Слушая меня, Луций только головой качал.
— Но всё-таки я получил от Квинта Фабия то, что хотел.
— Что именно?
— Поскольку он отказался заплатить мне двадцатую часть выкупа, я уговорил его отдать мне взамен то, чем он не слишком дорожил.
— Ах, да. Твой телохранитель. — Луций глянул на Белбона, который, скрестив могучие руки, стоял перед нишей, где я оставил свою одежду, с таким видом, точно охранял сенаторскую тогу. — Парень просто клад, да?
— Он спас мне жизнь — тогда, на берегу. И похоже, не раз ещё спасёт.
Всякий раз, когда дела приводят меня в Неаполь и его окрестности, я непременно заглядываю в прибрежные таверны, где собираются местные рыбаки. Пользуясь случаем, я расспрашиваю всех и каждого о молодом рыбаке, греке по имени Клеон. К несчастью, неаполитанцы скрытны и подозрительны, и не доверяют чужакам. К кому бы я ни обратился, все в один голос твердят, что знать не знают никакого Клеона. Наверняка кто-то из них врёт; ведь невозможно же, чтобы во всём городе не нашлось ни единого человека, который бы его знал.

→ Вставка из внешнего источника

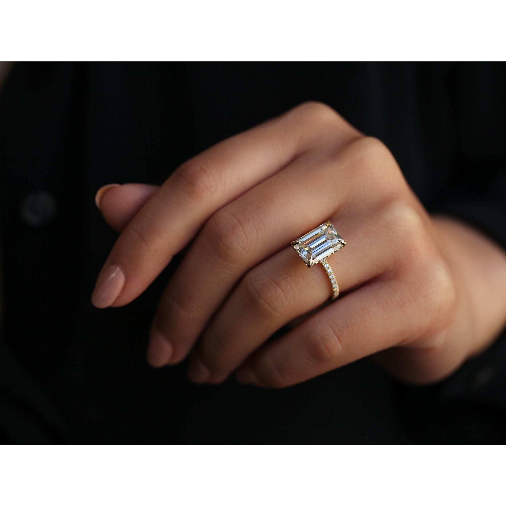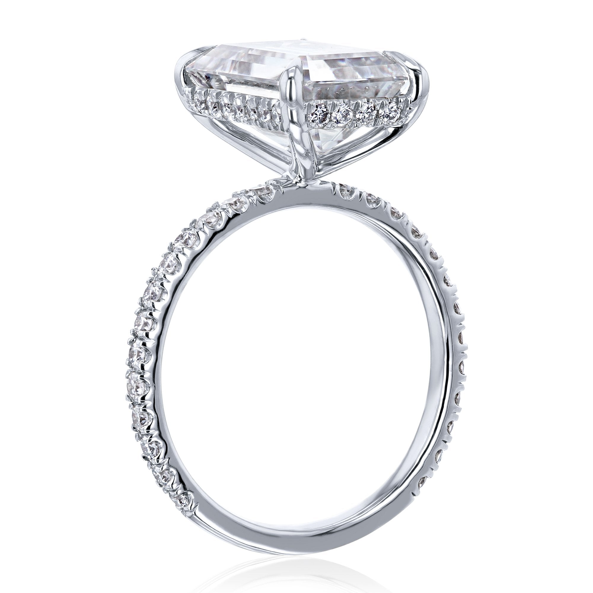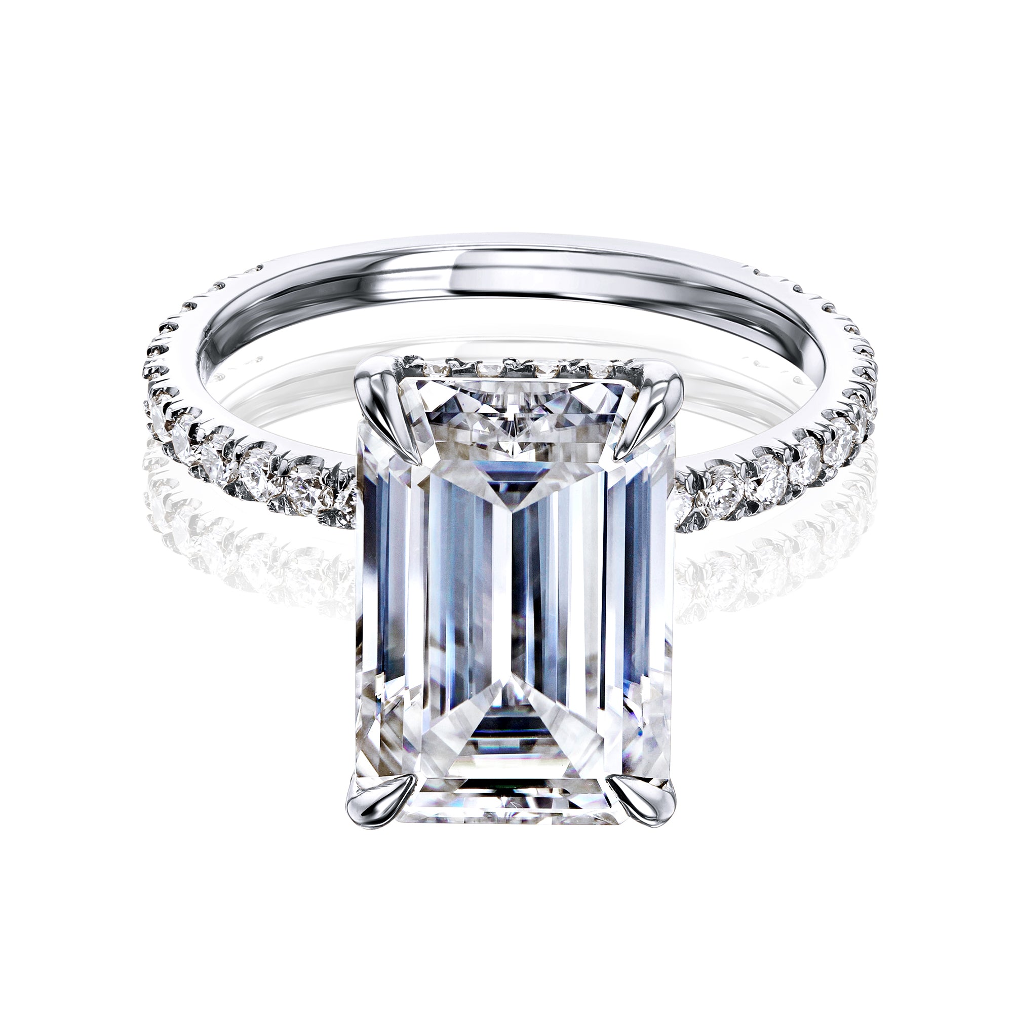The Evie 12x8 engagement ring features a 12x8 mm (5.5 carats diamond equivalent weight) emerald moissanite center stone with a hidden halo of lab-grown diamonds in a slim basket setting. The shank of this ring is illuminated with pavé lab-grown diamonds in a semi-eternity fashion.
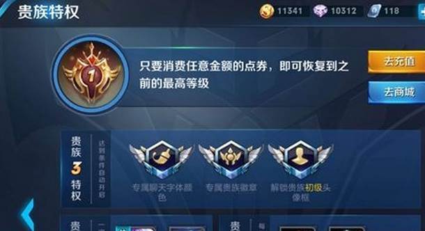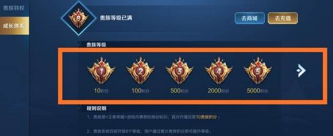 在王者荣耀手游中,玩家每消耗1元购买10点券,消费后可获得10积分。而贵族等级7级需要20000积分,也就需要消耗20000点券相当于2000人民币。除此之外,贵族等级8需要50000积分(5000人民币)才能获得。
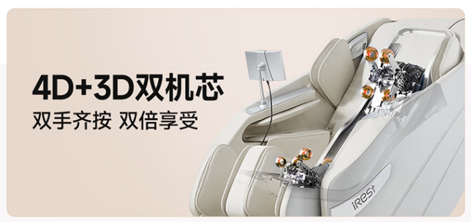 行业先进的双机芯配置,4D气囊机芯负责肩颈背的柔和揉捏,3D劲感机芯精准击打腰臀,实现“分区精准护理”。4D机芯能够模拟出更加逼真的按摩手法,如舒缓的揉捏、有力的推拿、节奏恰到好处的敲击等。3D机芯则提供了更加立体的按摩感受,自动调整按摩的力度和角度,确保每一次按摩都能达到最佳效果。
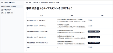 社内で作成される事故報告書をシステムに取り込むだけで、AIが2~3分でケーススタディを生成します。
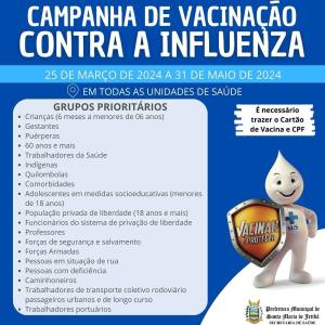 De 25 de março a 31 de maio de 2024, todas as unidades de saúde estarão promovendo a Campanha de Vacinação contra a gripe. Garanta sua imunização trazendo seu CPF e Cartão de Vacinação.
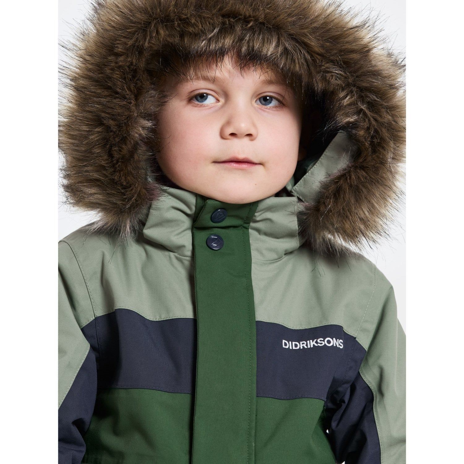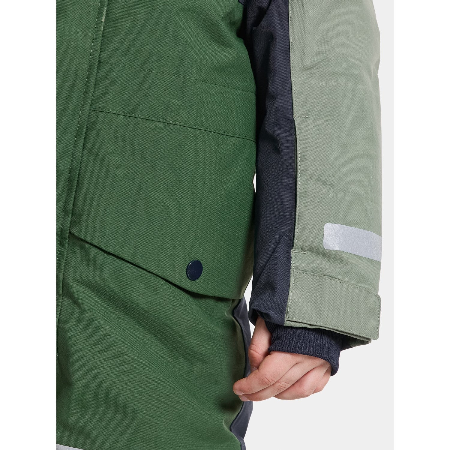 La barna leke ute uansett vær med Didriksons Light Moss Bjärven Kds Cover 4, en vinterdress designet for maksimal komfort og funksjonalitet. Dette plagget er laget med en innovativ stoffkartlegging for økt holdbarhet og har en rekke tilpasningsmuligheter som avtakbar hette med avtakbar syntetisk pels, justerbare benender med anti-skli snøgamasje og elastiske mansjetter med tommelhull. Justerbare midjer og forlengelsesmuligheter på satte og ermer sikrer at dressen vokser med barnet. Bekvemmelighet er også tenkt på med en kleshenger på innsiden for enkel tørking, navneetikett og flere reflekterende detaljer for økt sikkerhet i mørket. Denne allsidige vinterdressen er en essensiell del av ethvert barns garderobe for kalde dager.
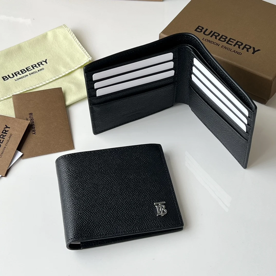 Grained Leather TB Bi-fold Wallet [B. House] Original Export The main body is made of imported palm-grained leather, counter quality, exquisite workmanship, actual product shooting, 80627091 Black, Size 11cm*10cm*
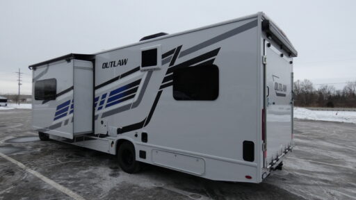 The heart of the Outlaw 29J is its well-appointed center kitchen, equipped with a three-burner cooktop and mid-size electric refrigerator, making meal prep a breeze. The bathroom, conveniently located in the center, features a shower with a curtain, ensuring privacy and ease of use. One of the standout features is the rear patio deck, perfect for enjoying the great outdoors while maintaining the comforts of home. With a 16 ft. powered retractable awning, you can create a cozy outdoor space in moments. Built on a robust Ford E450 chassis, this RV delivers a powerful driving experience with 325 horsepower and 450 torque, ensuring you can tow up to 8,000 pounds with ease.
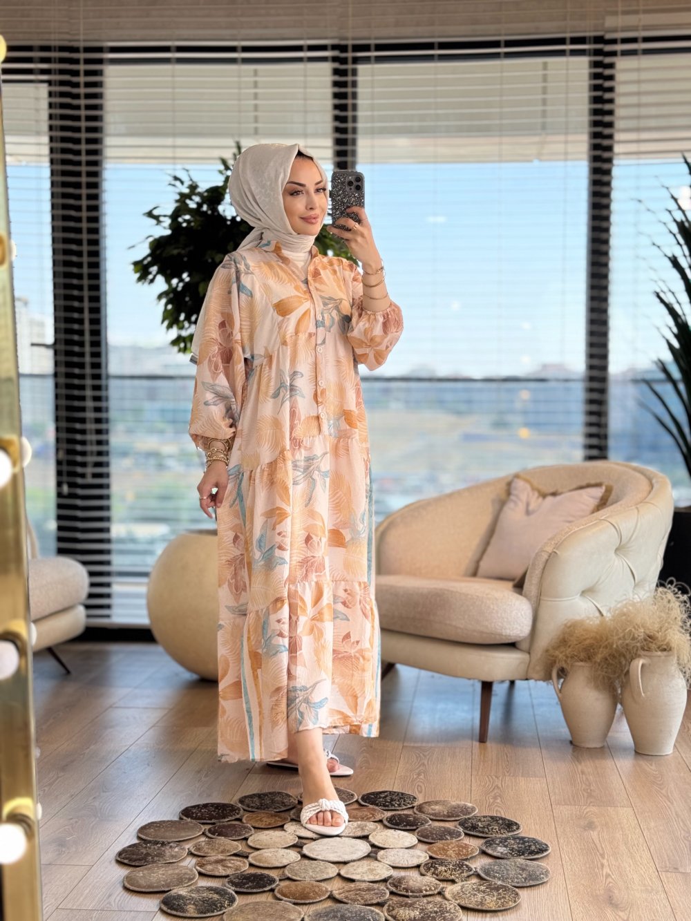 2512-1 Desenli V Yaka Patı Dügmeli Elbise Hardal
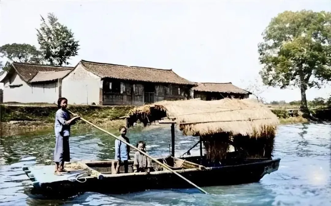 这个遮阴的船棚叫篷船,篷顶糯黄,船舷抹黑油,篙一戳水便开了道,把水面劈成两瓣,船头一只竹篓,船尾一只铁锅,少年站在中舱看岸边,女人撑篙脚趾抓着船板,河道弯一弯,屋檐倒影就跟着晃,小时候去外婆家坐过木船,浪一来,心也一沉一浮,岸上有人喊几句家常,声音顺着水传得远。

Не добившись толку в тавернах, я иду на берег и всматриваюсь в лица рыбаков в лодках. Сам не знаю, почему я вбил себе в голову, что Клеон непременно должен был уцелеть в той бойне…
Однажды мне показалось, что я увидел его — мельком. Человек в лодке был гладко выбрит, но глаза… Глаза были Клеона. Я окликнул его с берега; но лодка проплыла мимо прежде, чем я успел разглядеть его как следует, и я так никогда и не узнал, был ли это Клеон, или же меня обмануло внешнее сходство. В конце концов, это мог быть какой-нибудь его родственник или просто похожий на него человек. Я ведь так и не решился приняться за розыски по-настоящему — наверно из опасения, что правда окажется слишком жестокой и лишит меня всякой надежды. Лучше уж просто думать, что это был Клеон. Разве могут найтись в мире два человека с совершенно одинаковыми, печальными зелёными глазами?
Маленький Цезарь и пираты(2 вариант перевода)
— Как славно, что мы встретились, Гордиан! Скажи-ка мне, ты слышал о том, что говорят на Форуме о юном племяннике Мария, Юлии Цезаре?
Так обратился ко мне мой добрый друг Луций Клавдий, окликнув меня на ступенях Сениевых бань. Он, похоже, уже покидал их, в то время как я только пришёл.
— Если ты имеешь в виду ту старую историю о том, как, будучи в Вифинии, прелестный юноша Цезарь слишком хорошо вошел в роль царицы при царе Никомеде[27], то я её уже слышал — причём от тебя же, и от раза в раз со всё более интригующими подробностями.
— Нет, что ты, та сплетня уже быльём поросла. Я говорю об истории с пиратами, выкупом, местью — и распятиями!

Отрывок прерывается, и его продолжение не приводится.